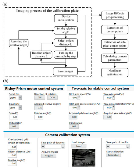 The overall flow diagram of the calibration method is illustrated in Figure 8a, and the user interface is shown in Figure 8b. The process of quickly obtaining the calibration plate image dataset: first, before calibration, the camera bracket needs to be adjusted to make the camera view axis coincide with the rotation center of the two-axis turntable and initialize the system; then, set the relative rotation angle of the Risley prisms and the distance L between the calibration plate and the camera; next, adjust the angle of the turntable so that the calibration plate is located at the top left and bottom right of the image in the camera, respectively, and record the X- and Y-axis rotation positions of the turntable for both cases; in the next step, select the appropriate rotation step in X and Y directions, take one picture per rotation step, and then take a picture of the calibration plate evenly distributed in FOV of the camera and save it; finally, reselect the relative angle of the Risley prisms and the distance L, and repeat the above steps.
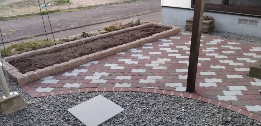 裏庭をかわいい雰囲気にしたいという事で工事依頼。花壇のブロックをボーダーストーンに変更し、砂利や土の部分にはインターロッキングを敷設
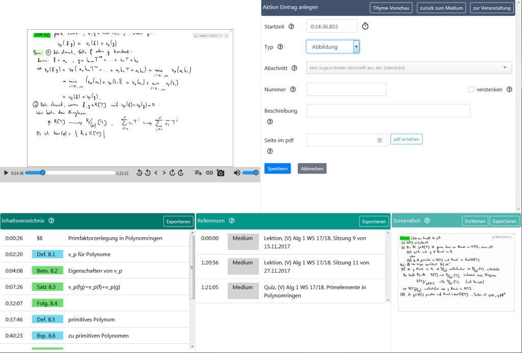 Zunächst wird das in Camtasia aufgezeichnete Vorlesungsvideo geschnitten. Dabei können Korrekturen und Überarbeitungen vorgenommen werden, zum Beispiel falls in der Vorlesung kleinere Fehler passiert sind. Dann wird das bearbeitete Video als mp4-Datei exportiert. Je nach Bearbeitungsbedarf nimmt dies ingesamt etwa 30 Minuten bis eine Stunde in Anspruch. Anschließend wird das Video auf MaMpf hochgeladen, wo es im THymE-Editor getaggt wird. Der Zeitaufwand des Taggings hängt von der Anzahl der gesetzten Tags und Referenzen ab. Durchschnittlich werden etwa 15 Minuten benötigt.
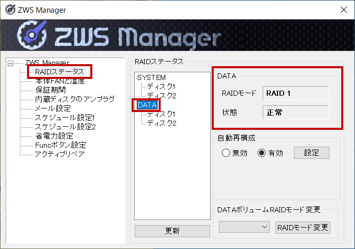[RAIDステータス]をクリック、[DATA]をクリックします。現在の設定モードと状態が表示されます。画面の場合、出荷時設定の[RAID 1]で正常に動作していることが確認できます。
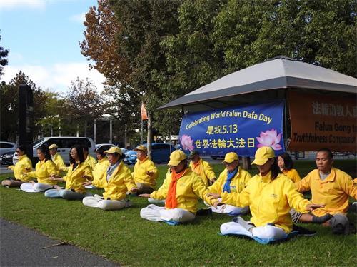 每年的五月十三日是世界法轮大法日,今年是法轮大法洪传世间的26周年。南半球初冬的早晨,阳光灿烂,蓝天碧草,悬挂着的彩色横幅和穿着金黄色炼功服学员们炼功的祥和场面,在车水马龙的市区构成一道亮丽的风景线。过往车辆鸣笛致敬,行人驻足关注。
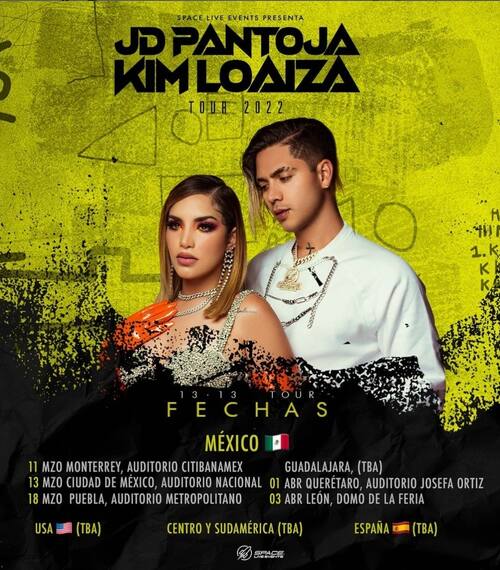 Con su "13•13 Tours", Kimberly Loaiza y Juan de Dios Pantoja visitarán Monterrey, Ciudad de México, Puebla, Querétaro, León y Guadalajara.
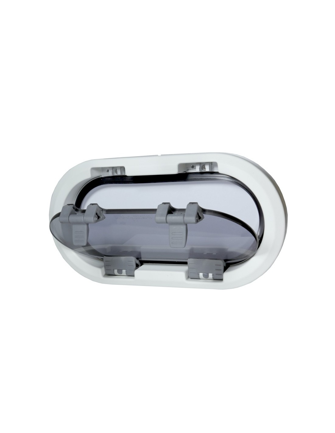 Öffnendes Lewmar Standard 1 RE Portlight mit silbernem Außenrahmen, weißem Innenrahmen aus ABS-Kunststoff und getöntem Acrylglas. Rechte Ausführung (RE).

**TASK BRIEF**
Output the records exactly, please. The pictures are not part of the copy.

**ANSWER FOR THE TASK**
 The overall flow diagram of the calibration method is illustrated in Figure 8a, and the user interface is shown in Figure 8b. The process of quickly obtaining the calibration plate image dataset: first, before calibration, the camera bracket needs to be adjusted to make the camera view axis coincide with the rotation center of the two-axis turntable and initialize the system; then, set the relative rotation angle of the Risley prisms and the distance L between the calibration plate and the camera; next, adjust the angle of the turntable so that the calibration plate is located at the top left and bottom right of the image in the camera, respectively, and record the X- and Y-axis rotation positions of the turntable for both cases; in the next step, select the appropriate rotation step in X and Y directions, take one picture per rotation step, and then take a picture of the calibration plate evenly distributed in FOV of the camera and save it; finally, reselect the relative angle of the Risley prisms and the distance L, and repeat the above steps.
 裏庭をかわいい雰囲気にしたいという事で工事依頼。花壇のブロックをボーダーストーンに変更し、砂利や土の部分にはインターロッキングを敷設
 Zunächst wird das in Camtasia aufgezeichnete Vorlesungsvideo geschnitten. Dabei können Korrekturen und Überarbeitungen vorgenommen werden, zum Beispiel falls in der Vorlesung kleinere Fehler passiert sind. Dann wird das bearbeitete Video als mp4-Datei exportiert. Je nach Bearbeitungsbedarf nimmt dies ingesamt etwa 30 Minuten bis eine Stunde in Anspruch. Anschließend wird das Video auf MaMpf hochgeladen, wo es im THymE-Editor getaggt wird. Der Zeitaufwand des Taggings hängt von der Anzahl der gesetzten Tags und Referenzen ab. Durchschnittlich werden etwa 15 Minuten benötigt.
[RAIDステータス]をクリック、[DATA]をクリックします。現在の設定モードと状態が表示されます。画面の場合、出荷時設定の[RAID 1]で正常に動作していることが確認できます。
 每年的五月十三日是世界法轮大法日,今年是法轮大法洪传世间的26周年。南半球初冬的早晨,阳光灿烂,蓝天碧草,悬挂着的彩色横幅和穿着金黄色炼功服学员们炼功的祥和场面,在车水马龙的市区构成一道亮丽的风景线。过往车辆鸣笛致敬,行人驻足关注。
 Con su "13•13 Tours", Kimberly Loaiza y Juan de Dios Pantoja visitarán Monterrey, Ciudad de México, Puebla, Querétaro, León y Guadalajara.
 Öffnendes Lewmar Standard 1 RE Portlight mit silbernem Außenrahmen, weißem Innenrahmen aus ABS-Kunststoff und getöntem Acrylglas. Rechte Ausführung (RE).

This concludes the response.